Tuesday 20 July 2010

ELECTION YEAR

Should we also elect our IT Directors in a similar manner to the General Election? Or should they be elected based on friendships or family relationships rather than talent, which is the normal tradition. Aren’t all IT Directors a secret coalition as you’re given the job because you’re obedient to your master and not allowed to think for yourself i.e. a puppet government. Let’s review the positives and positives……yes, that was not a typo, of a democratic electoral vote.


Employees should have a minimum of three potential candidates to elect who cannot be related. Each candidate should submit his ‘promises’ and manifesto to employees and allowed a budget of 100 pounds (excluding donations) for campaigning. The longer the campaign, the better for employees as drinks to bribe voters will have to come from the candidates own pocket (it has been proven fictitious expense fraud increases in the run up to IT Directorial Elections mainly by the candidates).


Employees should vote in closed doors and supervised by a neutral i.e. someone who does not work with a computer and has no link with the IT Department, in fact someone who doesn’t even know there is an IT Department at the workplace and who thinks IT stands for Immigrants Toilet.

An IT Director leadership contest should only last two years before a re-election. This is sufficient time to deliver on his promises even if they cram the entire manifesto in the last week before re-election. IT Director pay should be performance related and expenses should be made public to employees.


Here’s a typical manifesto or a Dummies Guide to Election Victory for an IT Director

1) Promise to install a decent coffee machine as the 5 pound Tesco one has seen better days after two weeks use, let alone two years.

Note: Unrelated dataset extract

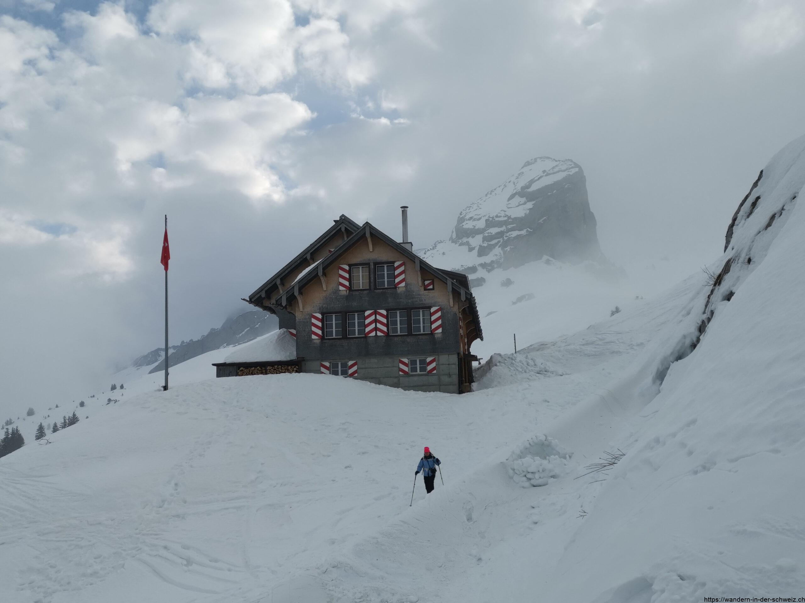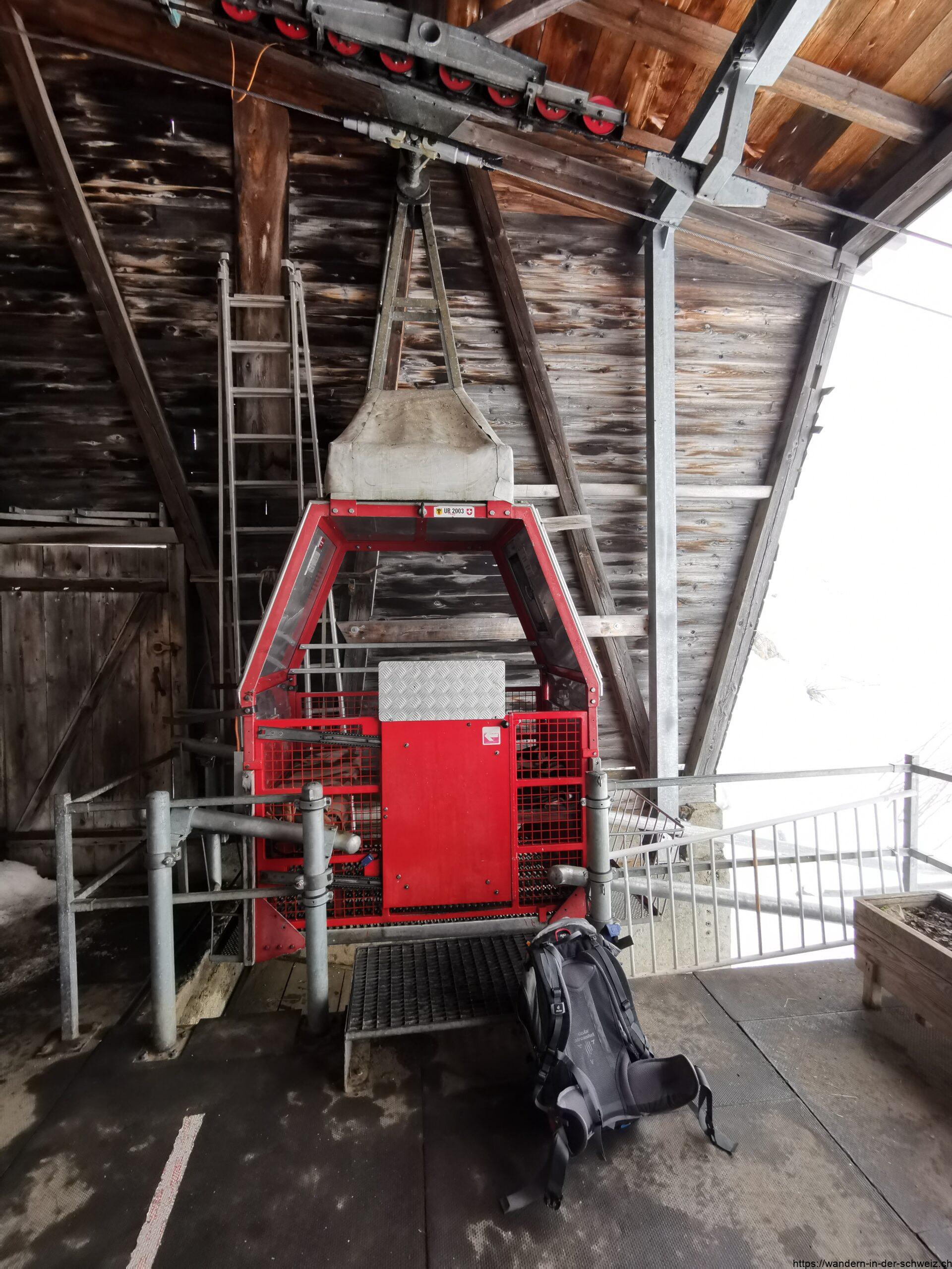 Um endgültig zurück in die Heimat zu gelangen läuft man auf dem selben Weg zurück Richtung Spilauersee. Diesmal bin ich jedoch ein Stück oberhalb des Sees an der Alp Spilau entlanglaufen. Der Schnee ist hier fester und man kommt leichter vorwärts. Dazu kann man hier auch nochmal eine kleine Rast einlegen, es gibt eine Feuerstelle die zum Verweilen einlädt. Wer eine Übernachtung in der Lidernenhütte gebucht hat, kann von hier aus dorthin gelangen oder Richtung Spilau zur Bergstation der Seilbahn absteigen. Beide Möglichkeiten verlaufen erst einmal gemeinsam nach Nordwesten, bevor es rechts zur SAC-Hütte und links nach Spilau geht. Zu diesem Zeitpunkt war es bereits so neblig, dass keine 20 Meter Sicht mehr vorherrschte; die Spuren weisen aber verlässlich den Weg und es ist leichtes Gehgelände. In Spilau wartete zum Abschluss noch eine beindruckende Überraschung: die Hütten waren bis über das Dach eingeschneit. Ein Paar hatte gerade ihre Hütte freigeschaufelt und aus dem Kamin rauchte es, sodass die Szenerie eine ganz eigene Stimmung hatte. Für diejenigen, die im Flachland aufgewachsen sind, ist das sehr beeindruckend zu sehen. Circa 15 Minuten später war ich an der Bergstation angekommen. Die letzte Bahn hinunter fährt um 16.30 Uhr, wer später hinab möchte, sollte unbedingt vorher anrufen und sich ankündigen. Die Betreiber sind sehr freundlich, freuen sich aber auch auf ihren Feierabend. Mittels dem Telefon vor Ort kann man dann seine Abfahrbereitschaft kundtun und unter das Nebelmeer hinabschweben.

Placing a cleaning filter in every six months or hiring a contractor (IT Directors lazy good for nothing brother who splits profits with IT Director) to ‘service’ it every 4 weeks is not washing……….away the grime.

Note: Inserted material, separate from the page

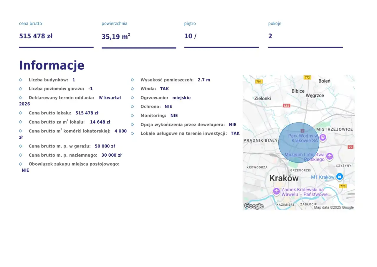 Cena: 515 478 zł | Metraż: 35,19 m² | Pokoje: 2 | Piętro: 10 | Odbiór: IV kw. 2026 | Winda: TAK | Cena/m²: 14 648 zł/m².

2) I will promise to smile and greet passer-bys with a hello in the morning, plus fresh croissants everytime my expense sheet is signed off by myself.

3) I promise not to hire dumb contractors just to spend the allocated budget before year end. This is like giving a 10,000 piece jigsaw puzzle (which you worked on for a year) with 20 pieces remaining to a 6 month old baby. He’ll come along, rip the thing apart, try and place things where they shouldn’t go, take a break, let his guardian feed and burp him , return, urinate on it and then crawl away to seek new destruction elsewhere.

4) I promise to allow the World Cup to be broadcast live at the workplace. Simple, effective and a crowd pleaser. You may have to extend to the Rugby World Cup, afternoon Eastenders episodes and Supermarket Dash to gain majority share.

5) I promise to make all Director expense claims, especially the Marketing Department who are good for nothings cash drainers, available for all employees to view.

6) I promise to leave the country with my wife, kids and mistresses and never return if 99% of the votes are against me.